Глава седьмая. Лагерь на берегу Кванзы. После наводнения, превратившего в озеро котловину, где находилось поселение термитов, вид местности изменился до неузнаваемости






 

После наводнения, превратившего в озеро котловину, где находилось поселение термитов, вид местности изменился до неузнаваемости. Лишь конусообразные верхушки двух десятков термитников поднимались над поверхностью воды в этом своеобразном бассейне.

Ливень вызвал стремительный подъем уровня воды во всех притоках Кванзы, и ночью река вышла из берегов.
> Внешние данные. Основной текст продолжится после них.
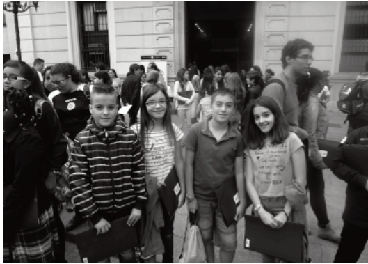
Noies i nois a la porta de l'Ajuntament, després d'un plenari del Consell de Noies i Nois

mària s'han fet pintades de jocs tradicionals al carrer; propostes per a les festes majors dels barris; accions de millora de l'accessibilitat i la mobilitat a la ciutat; campanyes de difusió del transport públic, la millora de la salut i la no violència a l'esport. Així com propostes per millorar l'oferta del museu de l'Hospitalet per als infants.
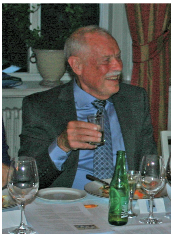
Loppan i högform. Som vanligt roas vi av hans ousinliga skämtlygne. Skål!
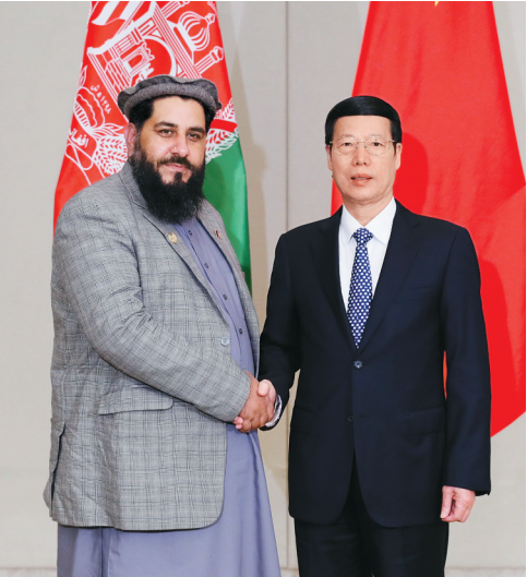
3月24日，中共中央政治局常委、国务院副总理张高丽在海南博鳌会见阿富汗议会议长老院主席穆斯利姆亚尔。
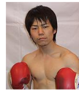
プロボクサー 徳山洋輝選手

医療機関にて栄養指導を行う。百貨店・食品メーカー講師、レシピ提案など、乳幼児から高齢者までを対象に幅広い年齢層に対し、食と健康に関する講演会や料理講習会を行う。
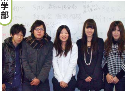
受賞した宮内プロジェクトの学生5人
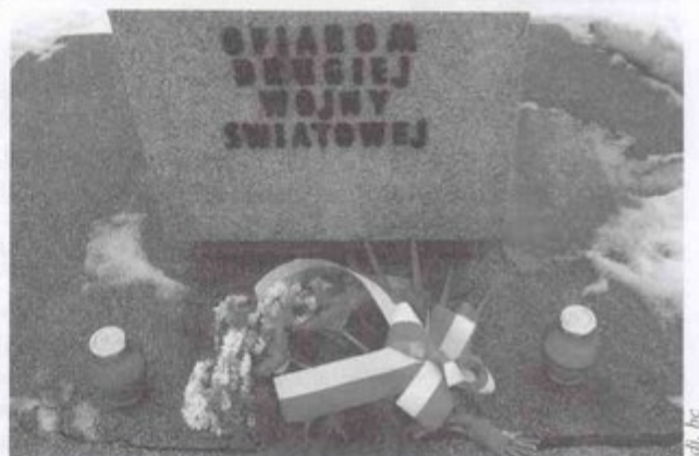
Hold zabitym oddano pod pomnikiem Ofiar II Wojny Światowej.
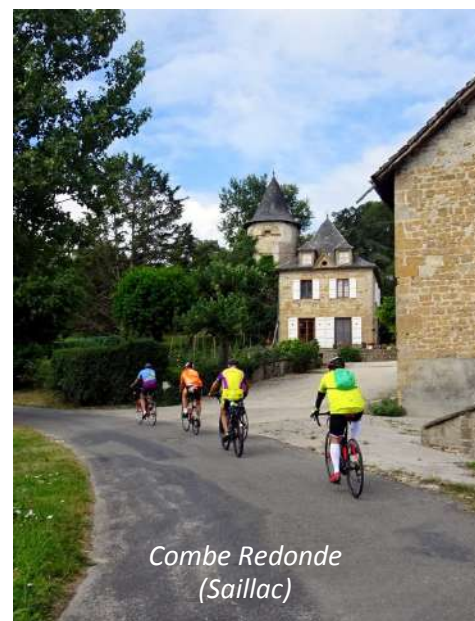
Combe Redonde (Saillac)

Une autre vedette est né dans cette commune, le sympathique Maurice Biraud, il naquit en 1922 et mourut en 1982 à l'âge de 60 ans. Sa tombe se trouve dans le cimetière du village. Nous traversons le village à pied en nous rendant sous la halle qui abrite également un four à pain.
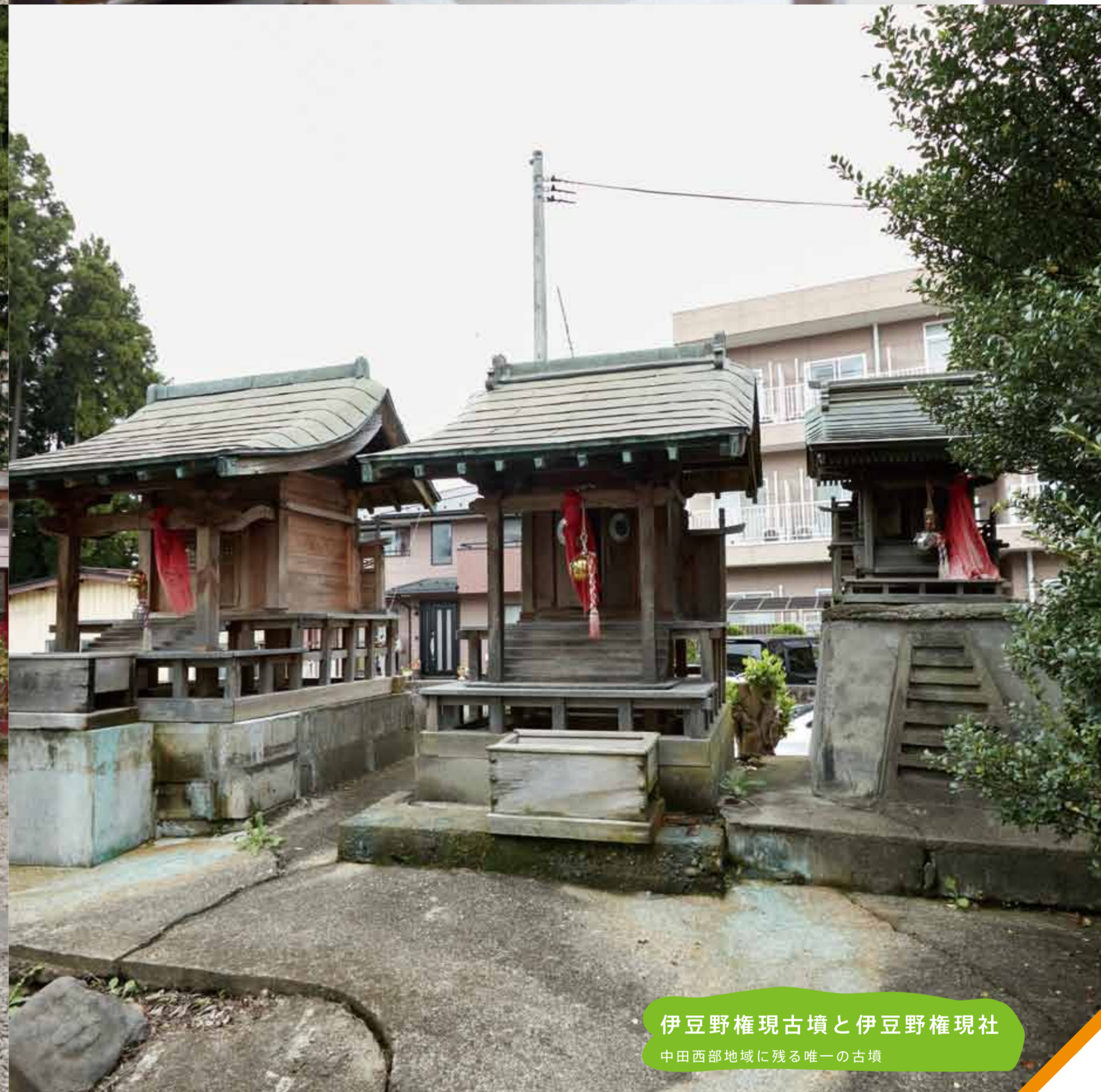
伊豆野権現古墳と伊豆野権現社 中田西部地域に残る唯一の古墳

Кванза, одна из крупнейших рек Анголы, впадает в Атлантический океан в ста милях от места крушения «Пилигрима».

Эту реку пришлось пересечь лейтенанту Камерону несколько лет спустя, прежде чем достичь Бенгелы. Кванзе самой природой предназначено стать внутренним водным путем в этой части португальской колонии. Пароходы уже поднимаются по ее нижнему течению, и не пройдет и десяти лет, как они поплывут к ее верховью. Дик Сэнд поступил вполне правильно, когда искал на севере судоходную реку. Ручеек, вдоль которого он вел свой отряд, впадал непосредственно в Кванзу. Если бы не внезапное нападение туземцев, которого Дик Сэнд не мог предвидеть, он нашел бы реку в расстоянии одной мили от поселка термитов. Маленький отряд погрузился бы на плот, который нетрудно было соорудить, и благополучно добрался бы до португальских поселений в низовьях Кванзы.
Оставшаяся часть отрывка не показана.